> Records drawn from a dataset:
<<<<
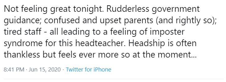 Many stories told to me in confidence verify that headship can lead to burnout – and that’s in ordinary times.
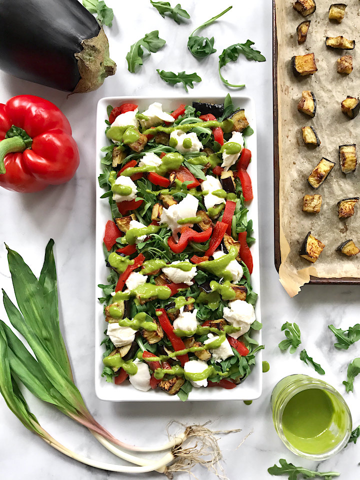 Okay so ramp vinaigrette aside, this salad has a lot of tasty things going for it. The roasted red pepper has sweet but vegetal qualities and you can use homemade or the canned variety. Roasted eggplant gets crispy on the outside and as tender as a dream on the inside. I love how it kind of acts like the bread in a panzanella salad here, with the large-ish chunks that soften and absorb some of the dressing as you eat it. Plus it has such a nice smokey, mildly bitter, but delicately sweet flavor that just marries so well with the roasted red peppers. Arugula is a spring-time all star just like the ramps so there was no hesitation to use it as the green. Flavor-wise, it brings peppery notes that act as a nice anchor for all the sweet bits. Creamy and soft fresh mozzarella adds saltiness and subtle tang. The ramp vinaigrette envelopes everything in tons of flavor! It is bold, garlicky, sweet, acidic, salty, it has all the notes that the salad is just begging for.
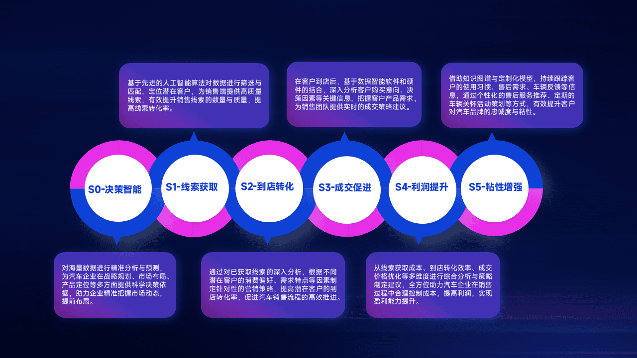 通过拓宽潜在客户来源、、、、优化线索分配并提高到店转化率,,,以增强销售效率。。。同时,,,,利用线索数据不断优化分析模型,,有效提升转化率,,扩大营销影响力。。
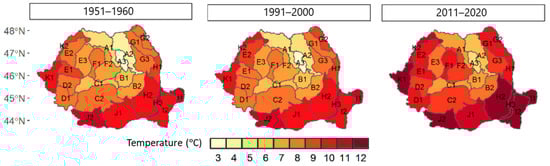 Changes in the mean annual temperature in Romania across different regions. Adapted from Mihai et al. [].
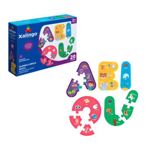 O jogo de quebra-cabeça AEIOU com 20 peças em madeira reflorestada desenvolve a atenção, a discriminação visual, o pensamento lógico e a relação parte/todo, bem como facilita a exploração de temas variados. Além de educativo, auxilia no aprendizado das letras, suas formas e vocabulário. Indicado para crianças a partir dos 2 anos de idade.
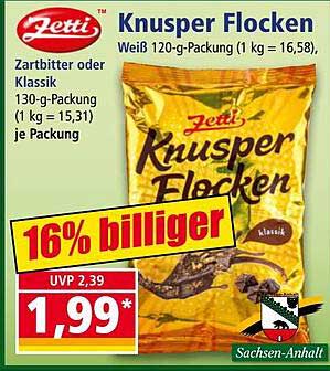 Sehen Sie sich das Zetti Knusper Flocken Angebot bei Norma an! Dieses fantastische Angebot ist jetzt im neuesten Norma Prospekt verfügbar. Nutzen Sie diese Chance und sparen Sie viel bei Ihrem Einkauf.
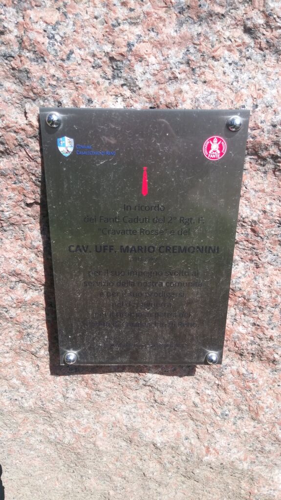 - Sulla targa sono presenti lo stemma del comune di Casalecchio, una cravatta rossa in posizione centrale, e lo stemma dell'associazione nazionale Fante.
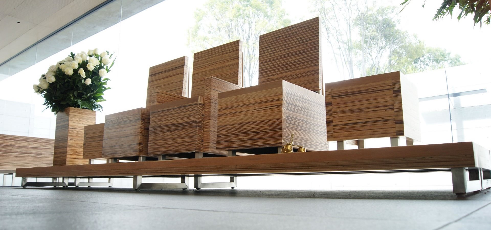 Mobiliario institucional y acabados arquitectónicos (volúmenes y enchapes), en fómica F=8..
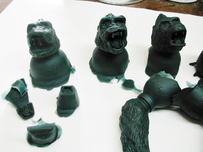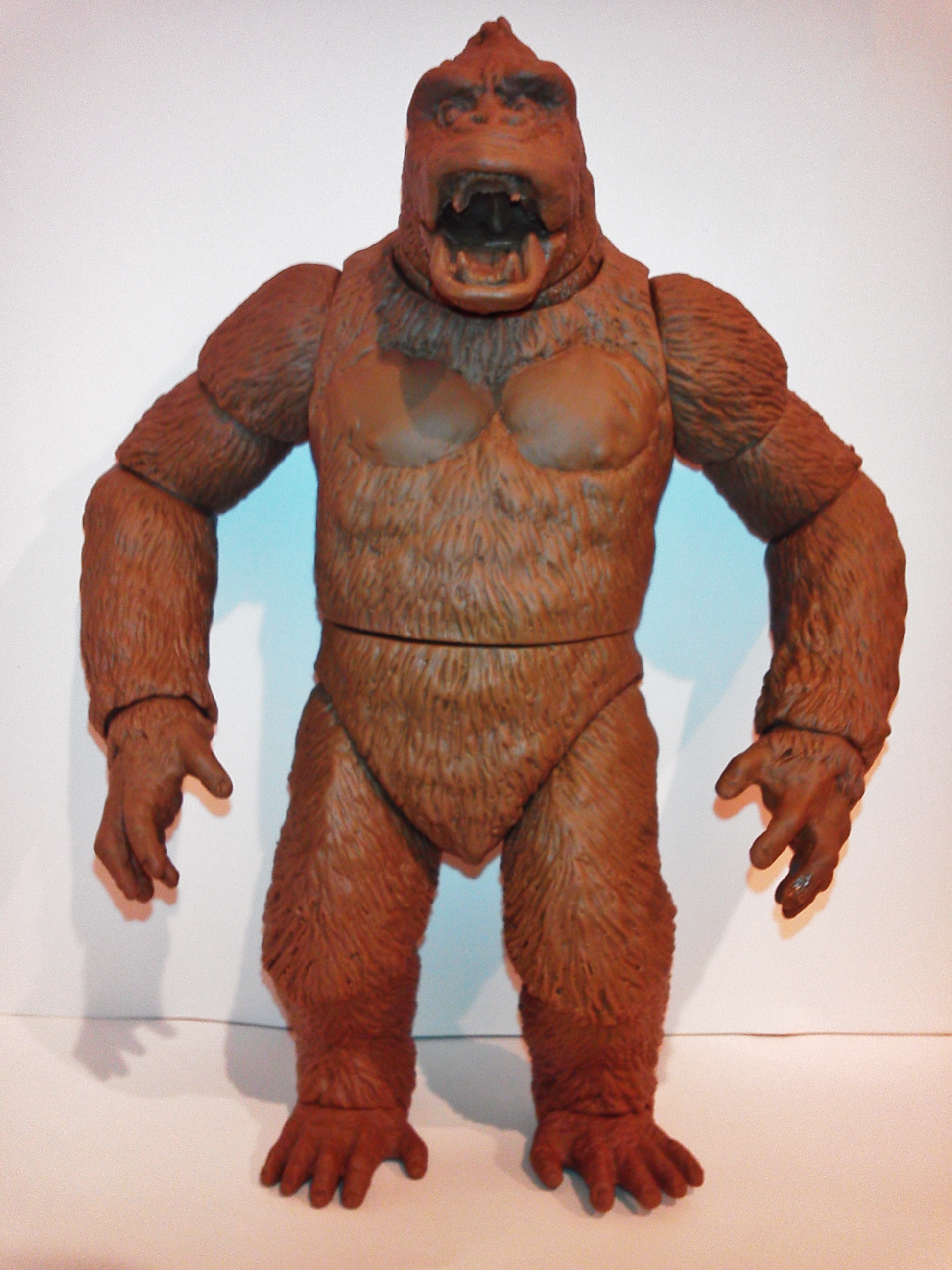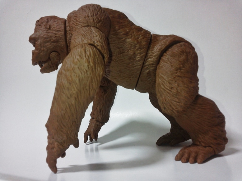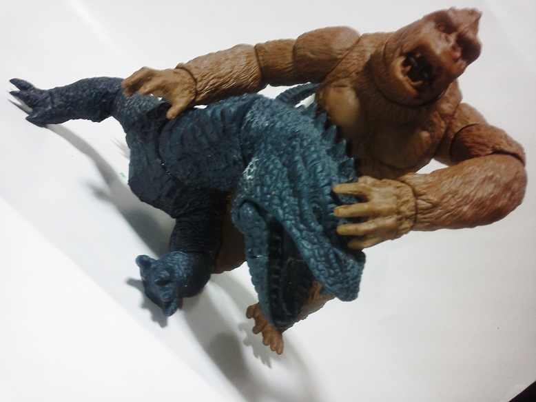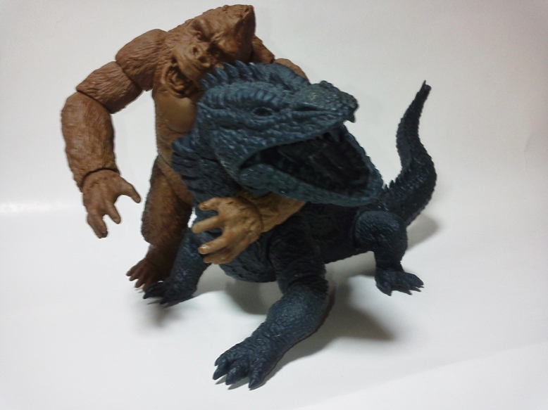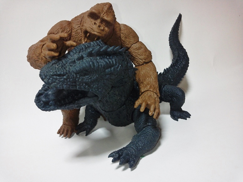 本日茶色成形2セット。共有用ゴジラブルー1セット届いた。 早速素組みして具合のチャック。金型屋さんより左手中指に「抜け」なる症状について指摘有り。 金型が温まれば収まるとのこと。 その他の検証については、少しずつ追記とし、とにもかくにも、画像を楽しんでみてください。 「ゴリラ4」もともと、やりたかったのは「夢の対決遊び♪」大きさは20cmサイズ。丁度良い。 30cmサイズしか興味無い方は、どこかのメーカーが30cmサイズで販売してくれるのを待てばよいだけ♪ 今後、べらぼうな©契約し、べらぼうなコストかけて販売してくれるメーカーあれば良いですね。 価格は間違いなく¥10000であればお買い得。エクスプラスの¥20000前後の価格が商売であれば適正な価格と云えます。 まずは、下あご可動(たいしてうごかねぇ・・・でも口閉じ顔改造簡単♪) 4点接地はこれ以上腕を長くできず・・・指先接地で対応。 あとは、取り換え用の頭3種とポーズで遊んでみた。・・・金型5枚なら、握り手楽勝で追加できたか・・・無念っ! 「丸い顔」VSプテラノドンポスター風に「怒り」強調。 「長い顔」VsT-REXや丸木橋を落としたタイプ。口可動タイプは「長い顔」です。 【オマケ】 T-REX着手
>>>>
> Goal of the exercise:
Only the lines from the top of the data through the line with "Sehen Sie sich" should be quoted, exactly and with both ends kept; skip the pictures.

> Expected output:
 Many stories told to me in confidence verify that headship can lead to burnout – and that’s in ordinary times.
 Okay so ramp vinaigrette aside, this salad has a lot of tasty things going for it. The roasted red pepper has sweet but vegetal qualities and you can use homemade or the canned variety. Roasted eggplant gets crispy on the outside and as tender as a dream on the inside. I love how it kind of acts like the bread in a panzanella salad here, with the large-ish chunks that soften and absorb some of the dressing as you eat it. Plus it has such a nice smokey, mildly bitter, but delicately sweet flavor that just marries so well with the roasted red peppers. Arugula is a spring-time all star just like the ramps so there was no hesitation to use it as the green. Flavor-wise, it brings peppery notes that act as a nice anchor for all the sweet bits. Creamy and soft fresh mozzarella adds saltiness and subtle tang. The ramp vinaigrette envelopes everything in tons of flavor! It is bold, garlicky, sweet, acidic, salty, it has all the notes that the salad is just begging for.
 通过拓宽潜在客户来源、、、、优化线索分配并提高到店转化率,,,以增强销售效率。。。同时,,,,利用线索数据不断优化分析模型,,有效提升转化率,,扩大营销影响力。。
 Changes in the mean annual temperature in Romania across different regions. Adapted from Mihai et al. [].
 O jogo de quebra-cabeça AEIOU com 20 peças em madeira reflorestada desenvolve a atenção, a discriminação visual, o pensamento lógico e a relação parte/todo, bem como facilita a exploração de temas variados. Além de educativo, auxilia no aprendizado das letras, suas formas e vocabulário. Indicado para crianças a partir dos 2 anos de idade.
 Sehen Sie sich das Zetti Knusper Flocken Angebot bei Norma an! Dieses fantastische Angebot ist jetzt im neuesten Norma Prospekt verfügbar. Nutzen Sie diese Chance und sparen Sie viel bei Ihrem Einkauf.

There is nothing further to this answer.